Draft guidance from the government, being released for public comment, offer an early model for metrics that government agencies, businesses and other organizations could use as they select an appropriate cloud computing vendor partner.
“New cloud computing providers and services are entering the market at a dizzying pace. Different organizations and groups often use the same cloud computing terms with slightly different, or even contradictory meanings, leading to confusion among cloud service providers, customer and carriers,” according to NIST, an agency of the Department of Commerce. “The lack of clear definitions for cloud computing terms makes them inherently immeasurable.”
The draft guidance seeks to bring uniformity to the vocabulary of cloud service measurements that include abstract metric, abstract metric definition, cloud service property, concrete metric definition, context, measurement, measurement result, metric, observation, and unit of measurement.
The guidance also describes the “cloud service trifecta” which can be broken down into three general areas: service selection, service agreement and service verifications, along with supporting metrics. It further defines in detail a “cloud service metric model” with 23 elemental descriptions of the foundation diagram that describes a metric definition.
“Metrics for cloud computing services can be described using the model proposed in this document,” according to NIST. “The model represents the information needed to understand the targeted cloud property and which constraints should be applied during observation. The Cloud Service Metric (CSM) model describes the higher level concepts of the abstract metric definitions for a specific cloud service property; service uptime is a prime example. Definitions for abstract metrics contain parameters and rules to express a formal understanding of the property of interest. The CSM model also contains concrete metric definitions that are based on abstract metric definitions. Concrete metric definitions add specific values to rules and parameters that make the metric usable for a given scenario.”
NIST, which is responsible for accelerating the federal government’s use of cloud computing, is accepting public comment on the draft guidance through Jan. 24, 2015. The guidance and additional information is available here.

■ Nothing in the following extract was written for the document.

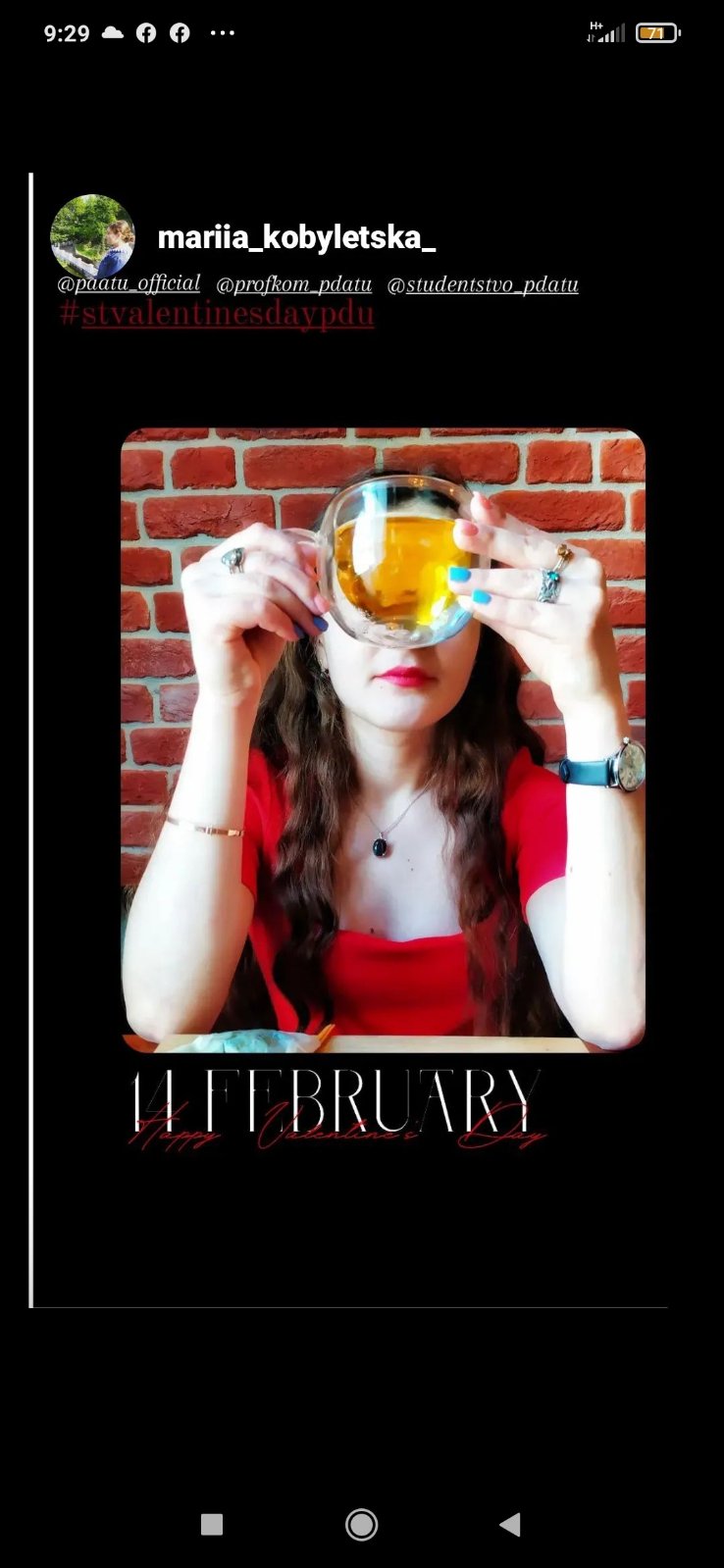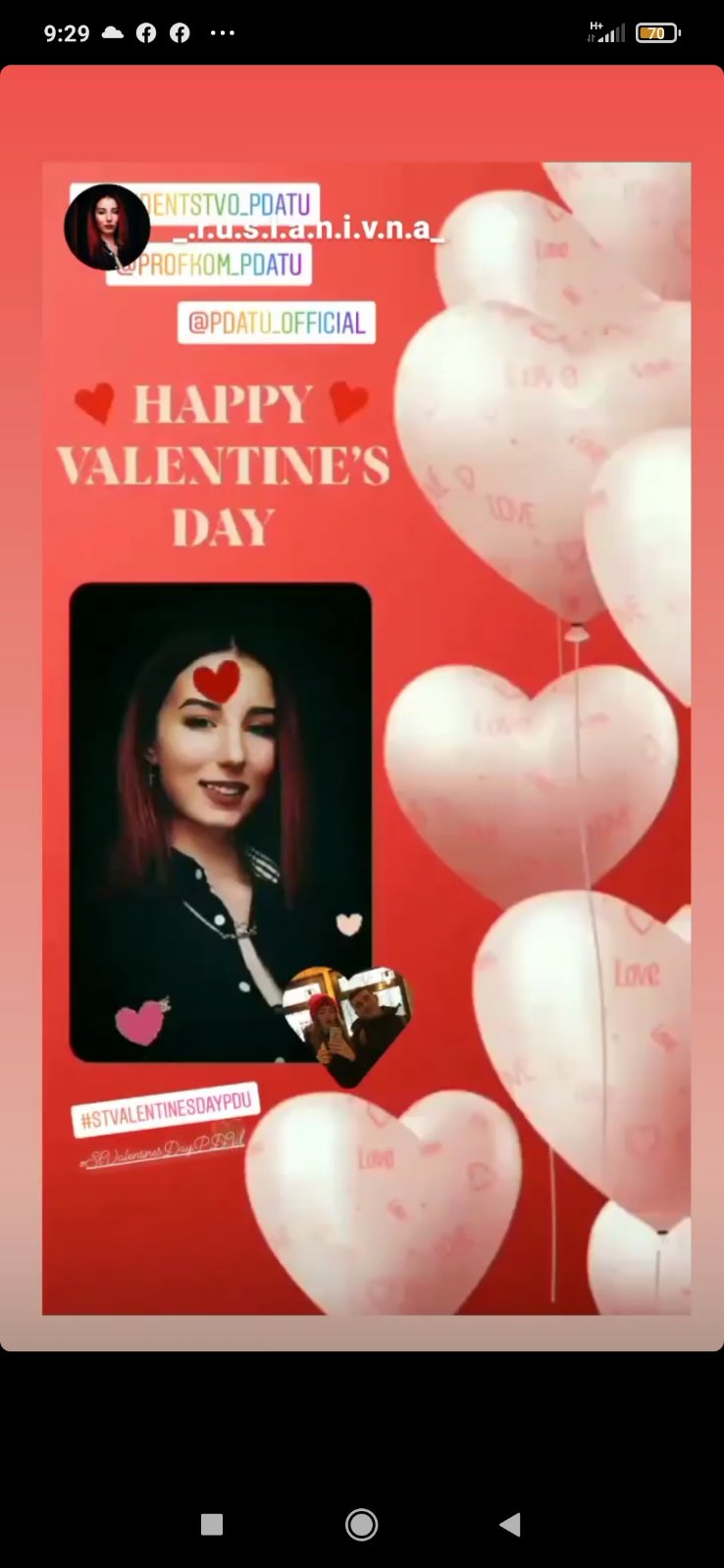 У США за традицією з Днем святого Валентина вітають не тільки тих друзів і подруг, з ким знаходяться у романтичних стосунках. У цей день вітають усіх, кого просто люблять — мам, татусів, дідусів, бабусь, друзів. Саме з такою метою вчора у закладі вищої освіти «Подільський державний університет» відбувся онлайн-флешмоб «VALENTINE'S VIRTUAL FLASHMOB»

Last month, Dell released the results of a survey of 2,000 companies in 19 industries and 11 countries that looked at cloud computing adoption. What they found is that the healthcare industry is not only rapidly transforming but is more successfully closing the gap in cloud adoption compared to other industries. The Dell Global Technology Adoption Index Survey indicates that 96 percent of healthcare organizations are using or considering using the cloud and that confidence in the security of data stored in a private cloud environment is promising, with 64 percent indicating that they are “very confident” that their data is protected.